··· Task input

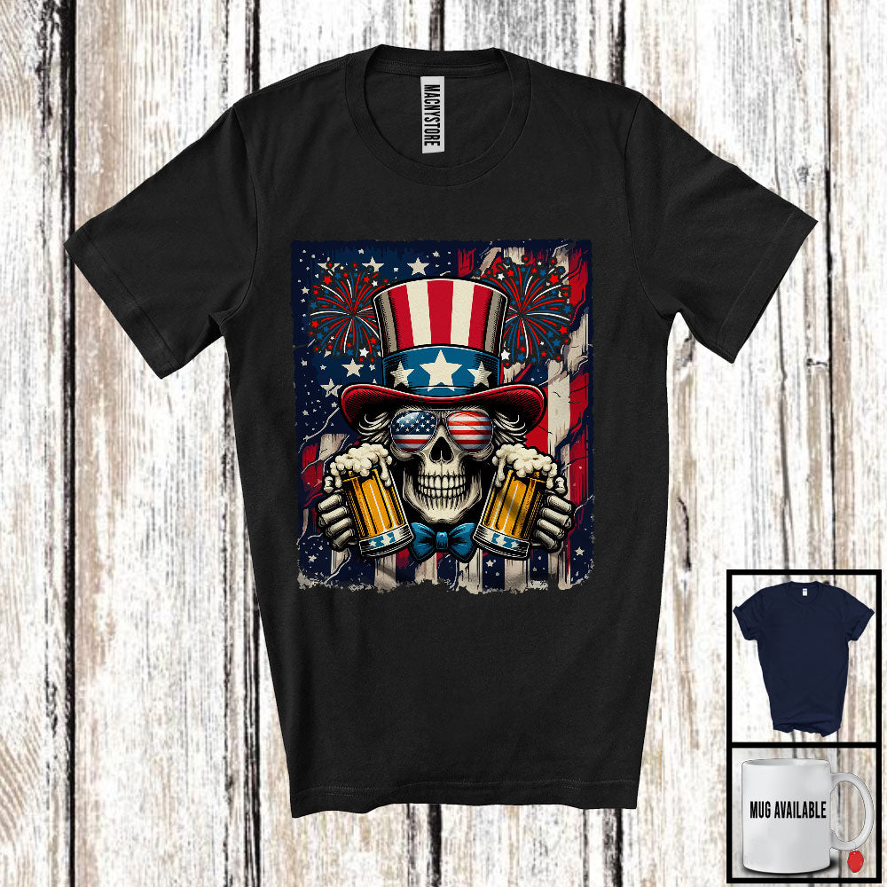 Skull Drinking Beer, Cheerful 4th Of July American Flag Drunker Team, Fireworks Patriotic T-Shirt
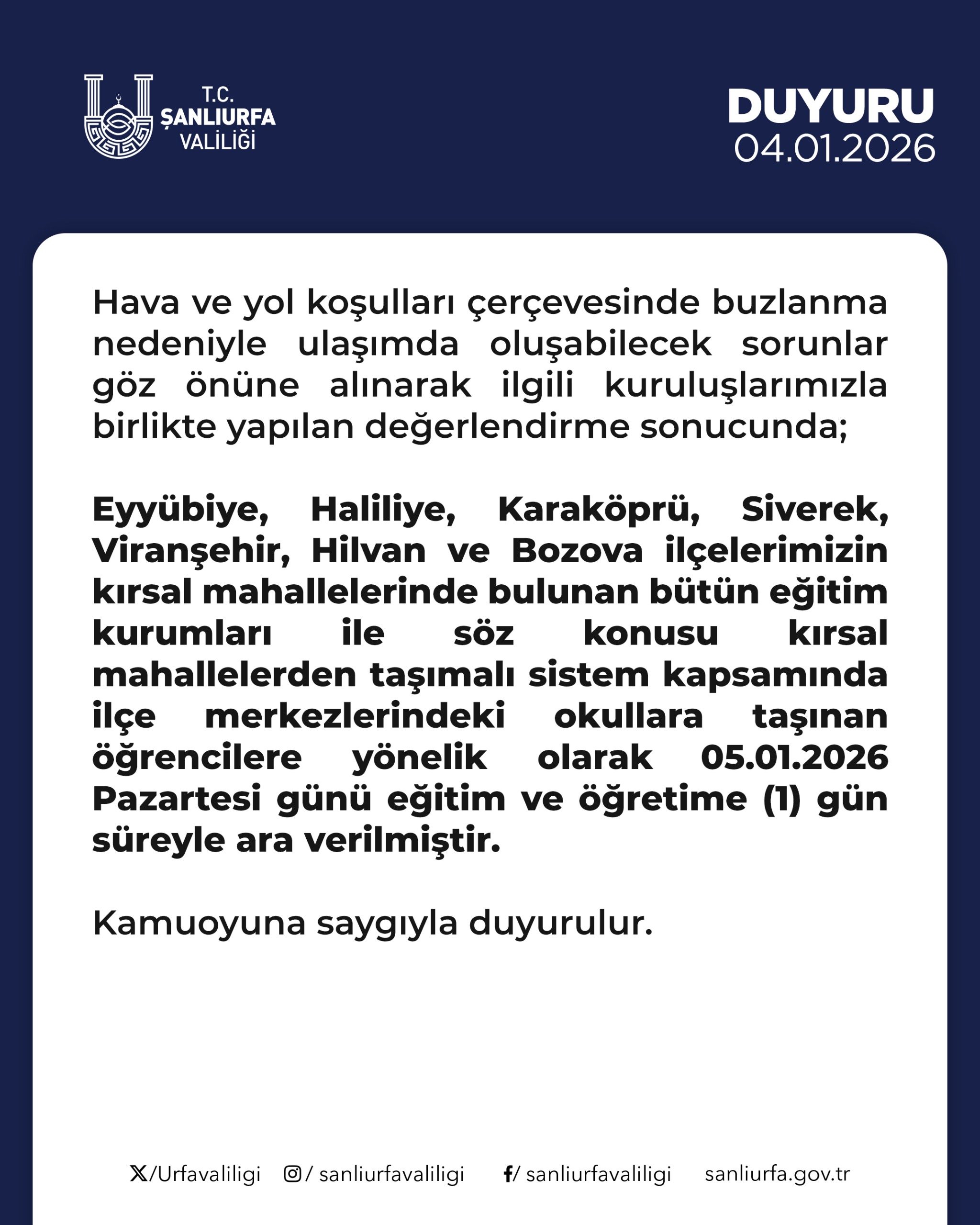 Şanlıurfa Valiliği, hava ve yol koşullarında yaşanan buzlanma nedeniyle ulaşımda oluşabilecek riskleri göz önünde bulundurarak bazı bölgelerde eğitime ara verildiğini duyurdu.Valilikten yapılan açıklamaya göre; Eyyübiye, Haliliye, Karaköprü, Siverek, Viranşehir, Hilvan ve Bozova ilçelerinin kırsal mahallelerinde bulunan tüm eğitim kurumlarında ile bu mahallelerden taşımalı sistem kapsamında ilçe merkezlerindeki okullara taşınan öğrenciler için, 5 Ocak 2026 Pazartesi günü eğitim ve öğretime 1 gün süreyle ara verildi.
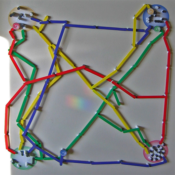 is played on a refrigerator with magnetic popsicle sticks. The goal is to be the first to touch each other player's home base.
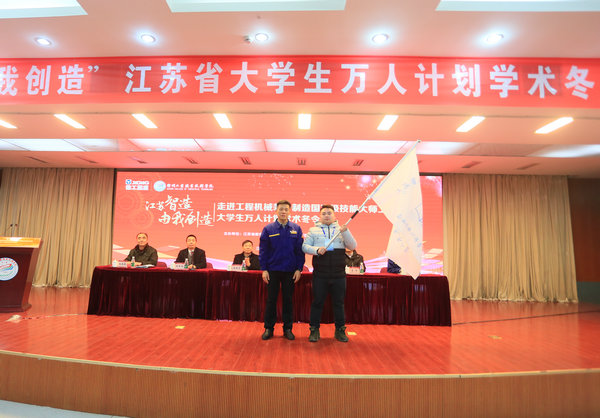 林书记为学员代表授旗,共同祝愿此次“江苏智造,由我创造——走进工程机械国家级技能大师工作室大学生万人计划学术冬令营“圆满成功。
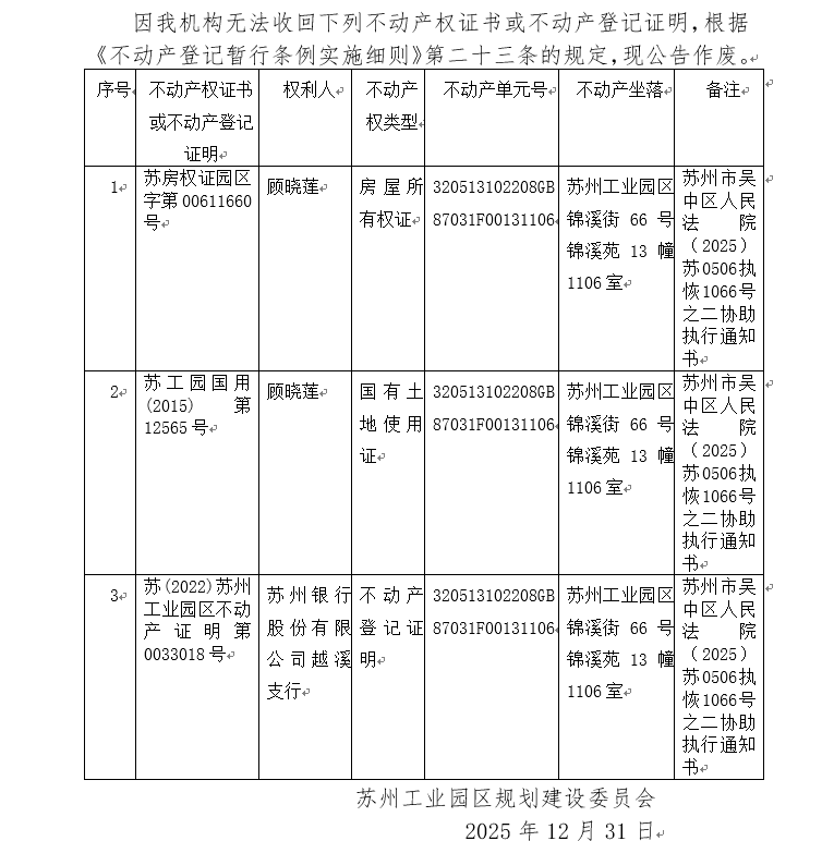 不動產權證書/登記證明作廢公告蘇園 證廢字2025(0206)號(錦溪苑13幢1106室)
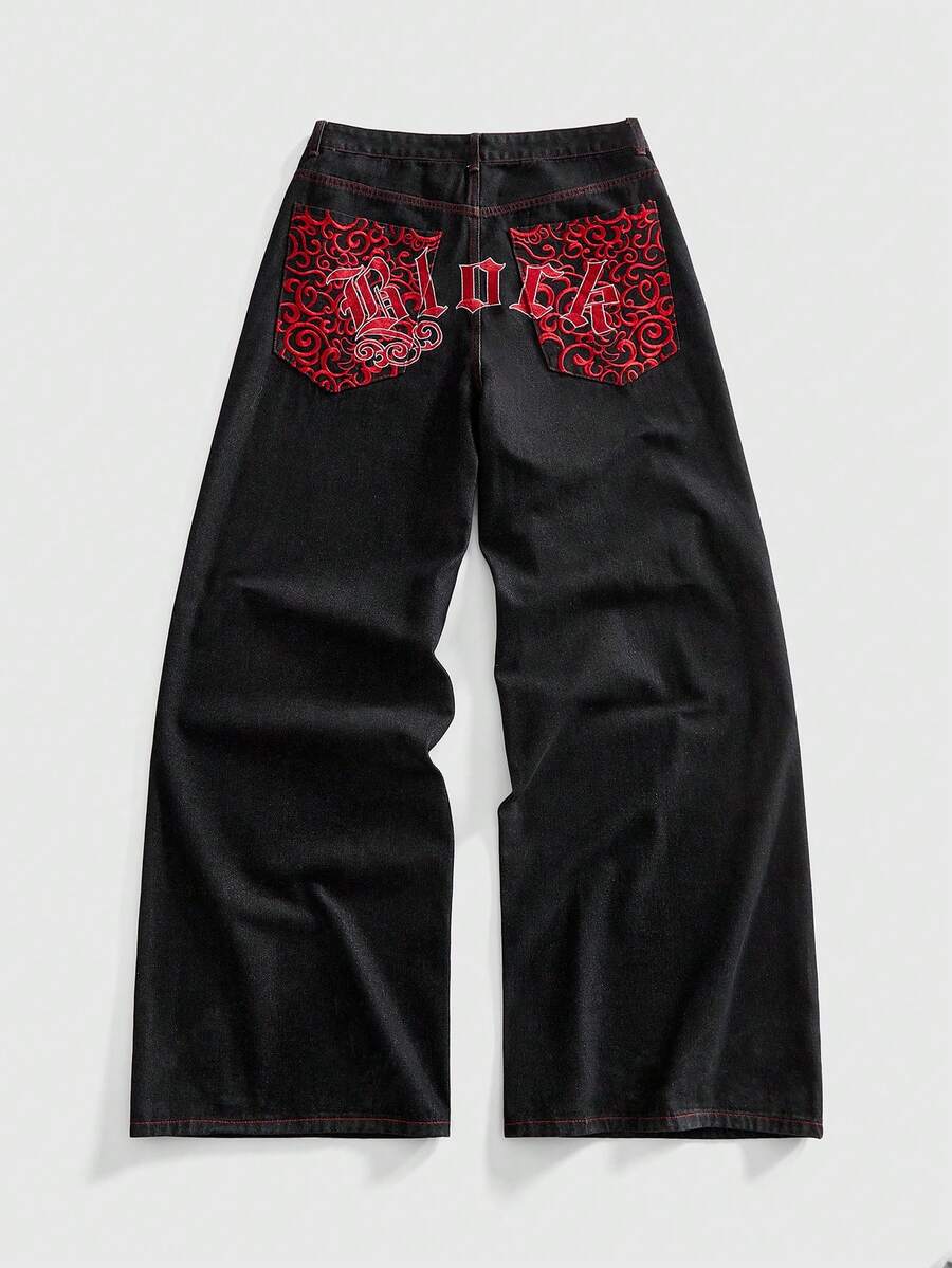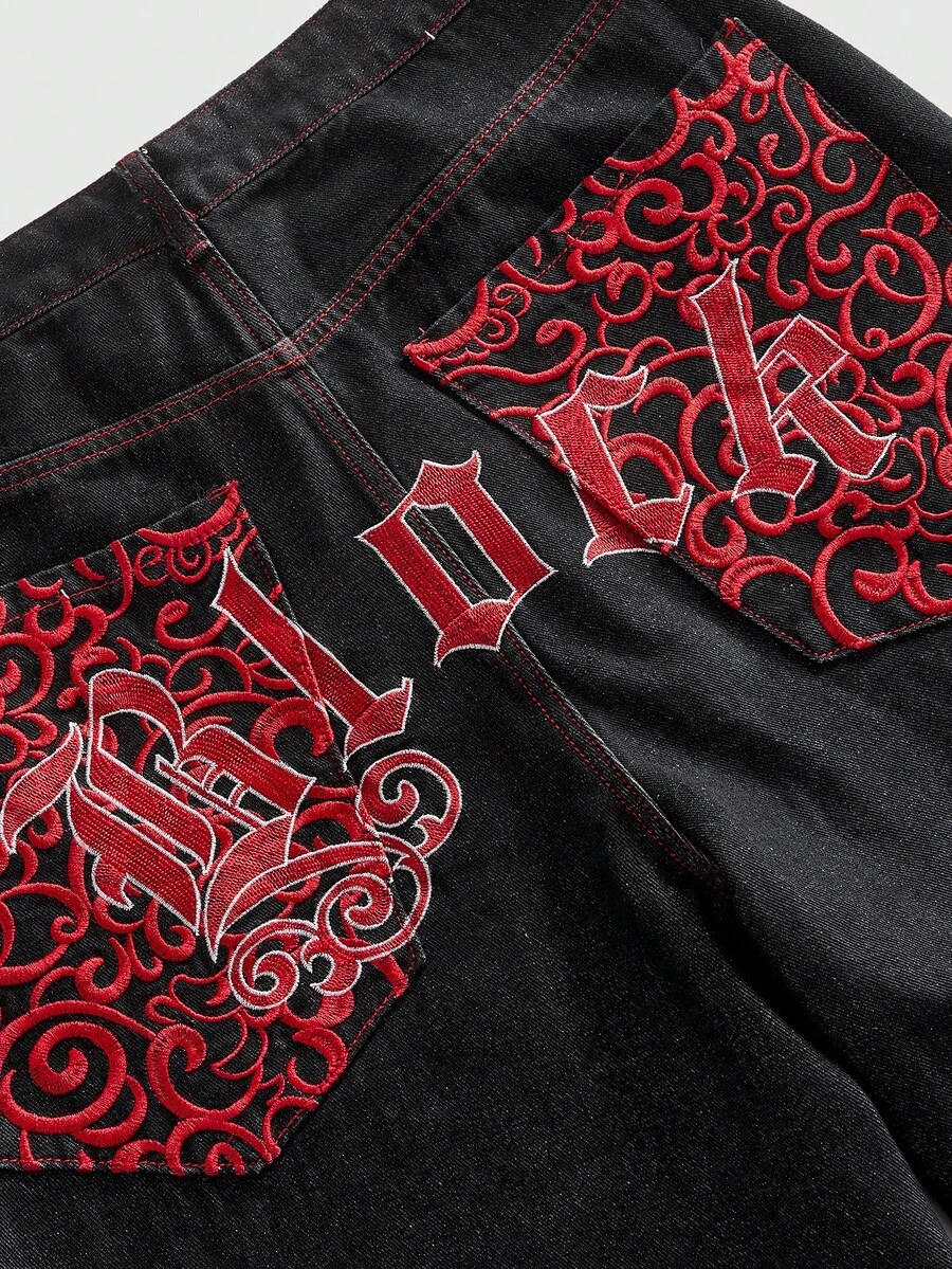 Street Life Men's Loose Fit Contrast Stitching Embroidered Pattern Baggy Jeans, Grunge
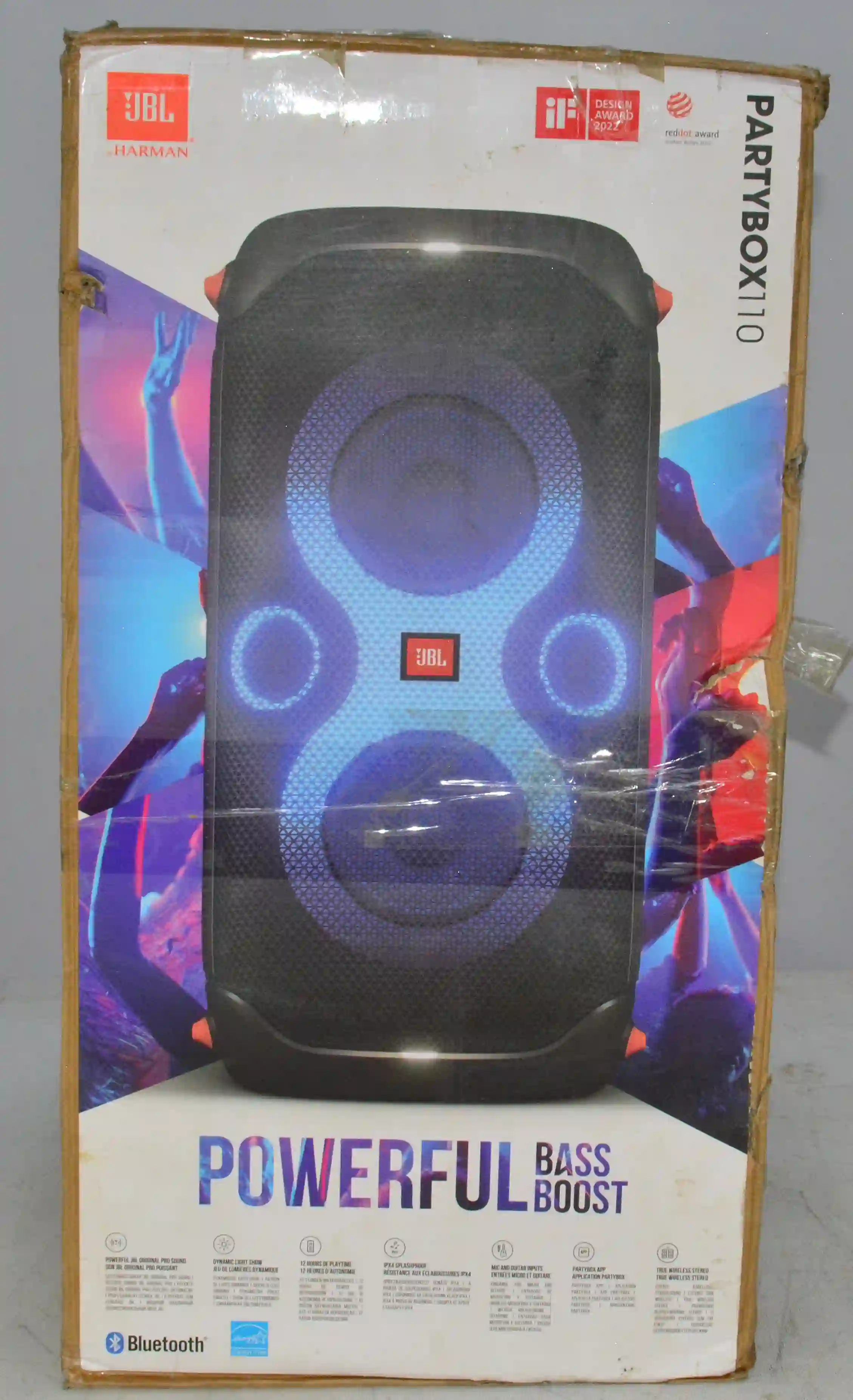 JBL PartyBox 110 оснащена мощным звуком в 160 Вт, что позволяет наполнить пространство качественным звучанием. Глубокие басы обеспечивают насыщенное и объемное звучание, идеально подходящее для вечеринок и мероприятий. Технология Bass Boost усиливает низкие частоты, создавая еще более впечатляющий звуковой эффект.

······

**Task details**:
Repeat the listing above in full, exactly, and omit its pictures.

**Result of this exercise**:
 Skull Drinking Beer, Cheerful 4th Of July American Flag Drunker Team, Fireworks Patriotic T-Shirt
 Şanlıurfa Valiliği, hava ve yol koşullarında yaşanan buzlanma nedeniyle ulaşımda oluşabilecek riskleri göz önünde bulundurarak bazı bölgelerde eğitime ara verildiğini duyurdu.Valilikten yapılan açıklamaya göre; Eyyübiye, Haliliye, Karaköprü, Siverek, Viranşehir, Hilvan ve Bozova ilçelerinin kırsal mahallelerinde bulunan tüm eğitim kurumlarında ile bu mahallelerden taşımalı sistem kapsamında ilçe merkezlerindeki okullara taşınan öğrenciler için, 5 Ocak 2026 Pazartesi günü eğitim ve öğretime 1 gün süreyle ara verildi.
 is played on a refrigerator with magnetic popsicle sticks. The goal is to be the first to touch each other player's home base.
 林书记为学员代表授旗,共同祝愿此次“江苏智造,由我创造——走进工程机械国家级技能大师工作室大学生万人计划学术冬令营“圆满成功。
 不動產權證書/登記證明作廢公告蘇園 證廢字2025(0206)號(錦溪苑13幢1106室)
 Street Life Men's Loose Fit Contrast Stitching Embroidered Pattern Baggy Jeans, Grunge
 JBL PartyBox 110 оснащена мощным звуком в 160 Вт, что позволяет наполнить пространство качественным звучанием. Глубокие басы обеспечивают насыщенное и объемное звучание, идеально подходящее для вечеринок и мероприятий. Технология Bass Boost усиливает низкие частоты, создавая еще более впечатляющий звуковой эффект.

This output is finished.